Segment Open

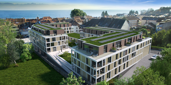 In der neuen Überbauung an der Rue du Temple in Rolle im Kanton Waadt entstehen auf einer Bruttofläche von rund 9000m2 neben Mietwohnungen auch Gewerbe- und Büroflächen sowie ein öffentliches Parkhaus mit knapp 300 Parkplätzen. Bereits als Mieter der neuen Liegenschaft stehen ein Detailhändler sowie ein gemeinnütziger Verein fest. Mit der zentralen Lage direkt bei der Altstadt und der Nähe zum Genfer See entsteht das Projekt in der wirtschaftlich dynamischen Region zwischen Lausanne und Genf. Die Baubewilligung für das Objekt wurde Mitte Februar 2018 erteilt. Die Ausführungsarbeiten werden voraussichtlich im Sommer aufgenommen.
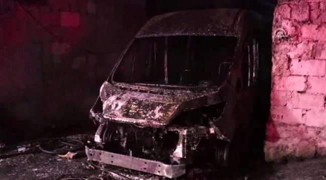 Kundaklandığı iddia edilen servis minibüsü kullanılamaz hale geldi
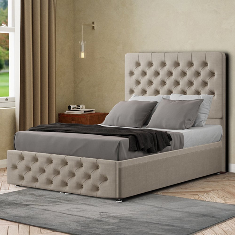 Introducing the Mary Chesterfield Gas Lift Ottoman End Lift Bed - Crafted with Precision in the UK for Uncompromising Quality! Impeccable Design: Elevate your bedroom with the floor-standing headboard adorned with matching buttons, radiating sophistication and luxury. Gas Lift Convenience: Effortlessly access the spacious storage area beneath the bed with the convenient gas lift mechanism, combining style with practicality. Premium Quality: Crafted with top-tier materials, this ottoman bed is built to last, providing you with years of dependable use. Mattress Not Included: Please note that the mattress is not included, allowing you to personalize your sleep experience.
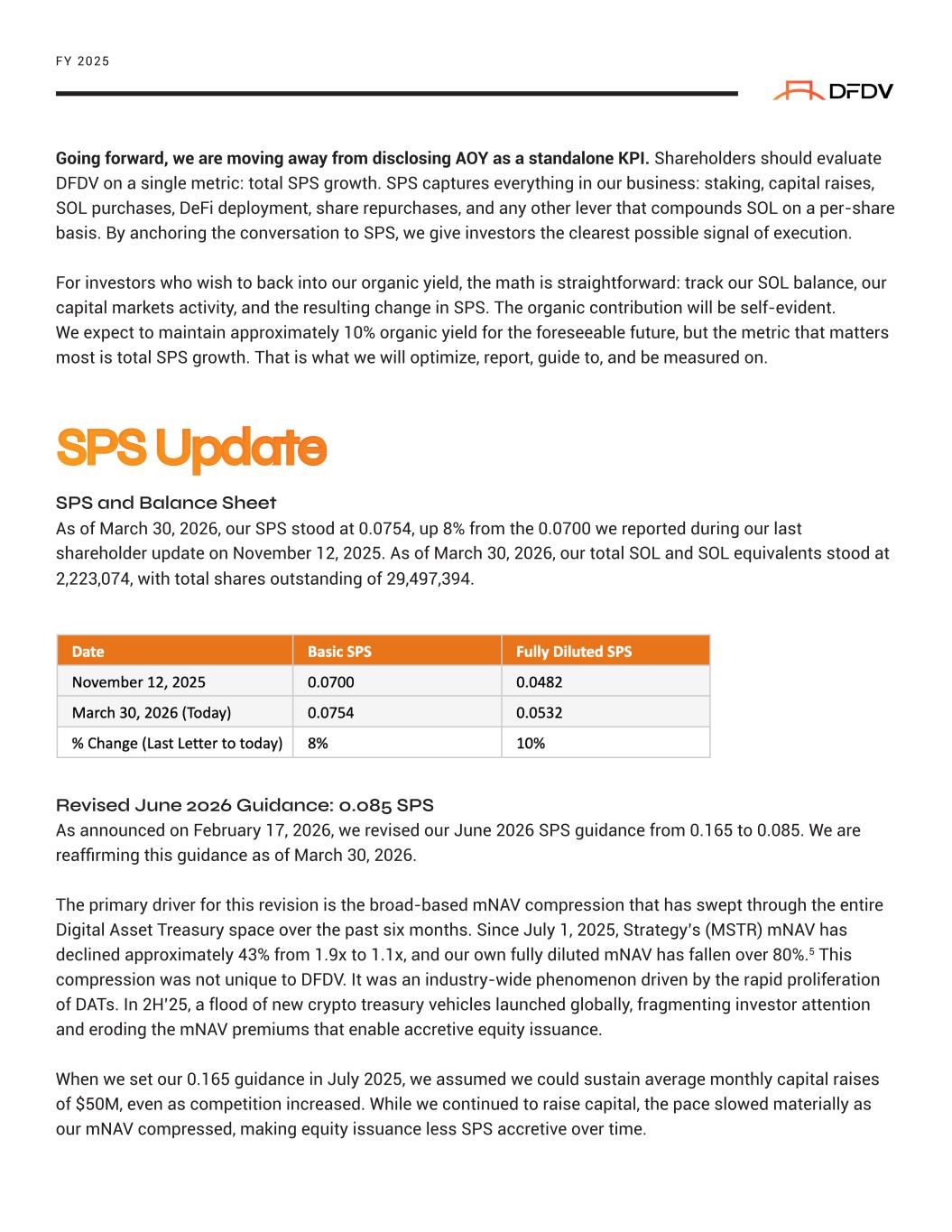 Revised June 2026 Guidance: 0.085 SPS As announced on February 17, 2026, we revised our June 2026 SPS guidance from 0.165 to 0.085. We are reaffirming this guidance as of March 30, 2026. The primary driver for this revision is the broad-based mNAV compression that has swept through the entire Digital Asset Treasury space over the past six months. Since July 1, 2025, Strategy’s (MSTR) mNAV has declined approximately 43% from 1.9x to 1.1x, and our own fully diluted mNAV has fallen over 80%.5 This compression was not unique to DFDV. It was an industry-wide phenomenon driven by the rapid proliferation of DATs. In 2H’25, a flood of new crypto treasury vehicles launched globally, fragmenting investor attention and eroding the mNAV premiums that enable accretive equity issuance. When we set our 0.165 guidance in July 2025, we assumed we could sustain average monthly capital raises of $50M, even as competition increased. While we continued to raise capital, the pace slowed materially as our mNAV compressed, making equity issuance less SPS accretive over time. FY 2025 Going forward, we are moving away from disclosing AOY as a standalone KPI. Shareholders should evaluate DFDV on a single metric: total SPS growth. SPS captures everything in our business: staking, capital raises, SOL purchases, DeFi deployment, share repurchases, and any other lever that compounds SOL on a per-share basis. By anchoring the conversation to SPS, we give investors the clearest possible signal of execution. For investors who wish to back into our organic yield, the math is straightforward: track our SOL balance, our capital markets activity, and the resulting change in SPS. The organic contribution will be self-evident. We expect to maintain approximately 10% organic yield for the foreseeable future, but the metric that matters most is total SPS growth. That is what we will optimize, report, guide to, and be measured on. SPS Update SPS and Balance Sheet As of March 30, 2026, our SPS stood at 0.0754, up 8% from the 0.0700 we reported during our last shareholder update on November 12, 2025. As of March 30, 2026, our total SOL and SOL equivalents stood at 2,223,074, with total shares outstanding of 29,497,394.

Segment Closed

The problem |
Where pictures appear, drop them, and reproduce exactly only the lines running from the beginning of the data to the line that contains "Kundaklandığı iddia edilen", inclusive.

Finished exercise |
 In der neuen Überbauung an der Rue du Temple in Rolle im Kanton Waadt entstehen auf einer Bruttofläche von rund 9000m2 neben Mietwohnungen auch Gewerbe- und Büroflächen sowie ein öffentliches Parkhaus mit knapp 300 Parkplätzen. Bereits als Mieter der neuen Liegenschaft stehen ein Detailhändler sowie ein gemeinnütziger Verein fest. Mit der zentralen Lage direkt bei der Altstadt und der Nähe zum Genfer See entsteht das Projekt in der wirtschaftlich dynamischen Region zwischen Lausanne und Genf. Die Baubewilligung für das Objekt wurde Mitte Februar 2018 erteilt. Die Ausführungsarbeiten werden voraussichtlich im Sommer aufgenommen.
 Kundaklandığı iddia edilen servis minibüsü kullanılamaz hale geldi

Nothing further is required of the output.